Aylan não merece e não pode ser esquecido. O Clube da Fartura tem que lembrar dele. Nós todos temos de nos lembrar. Ver a foto de Aylan nos faz mais humanos. Ele sobreviveu às bombas e à guerra, ao loucos do Estado Islâmico e à escassez de comida e água, mas não conseguiu vencer o mar e as hipócritas e criminosas barreiras geográficas e legais que separam o Oriente Médio em chamas da Europa. A tragédia dos imigrantes não é problema de um só país. É problema do mundo. É problema nosso. Mas, repita-se, é problema principalmente dos que vivem em algazarra com a riqueza dos outros. A Europa sugou até às tripas a África e parte da Ásia. Agora, tem que devolver ao menos o suficiente para dar mínima dignidade aos que fogem da morte. A humanidade deve repetir aos donos do mundo, incansavelmente, a história de Aylan. François Hollande, a foto de Aylan é sua. David Cameron, veja de novo a foto de Aylan. Você é o responsável. Heinz Fischer, pegue a foto daquele corpo! Matteo Renzi, não esqueça da foto de Aylan. Mariano Rajoy Brey, a foto de Aylan… Barack Obama, guarde bem sua cópia da foto de Aylan. Ele tinha só três anos, senhores. Vocês o mataram.
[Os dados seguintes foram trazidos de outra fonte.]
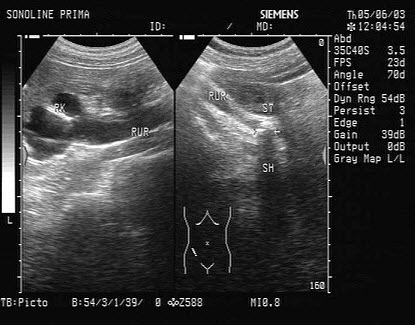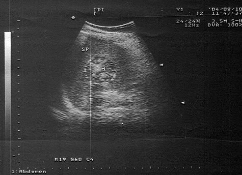 男,27岁,上腹疼痛。声像图如图所示。结合超声声像图,诊断为()

Conhecido através do teatro, adaptações para televisão e traduções, O Diário de Anne Frank é incrível documento humano que continua a chocar e a emocionar. Revela a nobreza descomunal de um espírito amadurecido no sofrimento, da adolescente assassinada por Adolf Hitler em Auschwitz. Aylan não teve a chance de chegar à adolescência. Sofreu muito em seus três anos de Síria em explosão permanente. Porém a força da sua foto morto o levará a gerações futuras e poderá libertar sofredores como ele e até impedir novos desastres. Sua foto é um livro, um documento, uma carta à humanidade, um pedido de socorro. O Clube da Festa se assustou com a foto de Aylan. O Diário de Anne Frank é um livro que aprofunda e aumenta nossa compreensão da vida e da personalidade de um dos mais fortes símbolos da luta contra a opressão e a injustiça. Milhões perderam a vida em campos de concentração. O que vemos hoje são campos de extermínio a céu aberto. Africanos e asiáticos agonizam até à morte aos olhos do mundo. Bem abertos, por sinal. Atônitos. O espetáculo é pavoroso. A esperança está na foto de Aylan.

Edmar Oliveira, jornalista, é colaborador do Jornal Opção.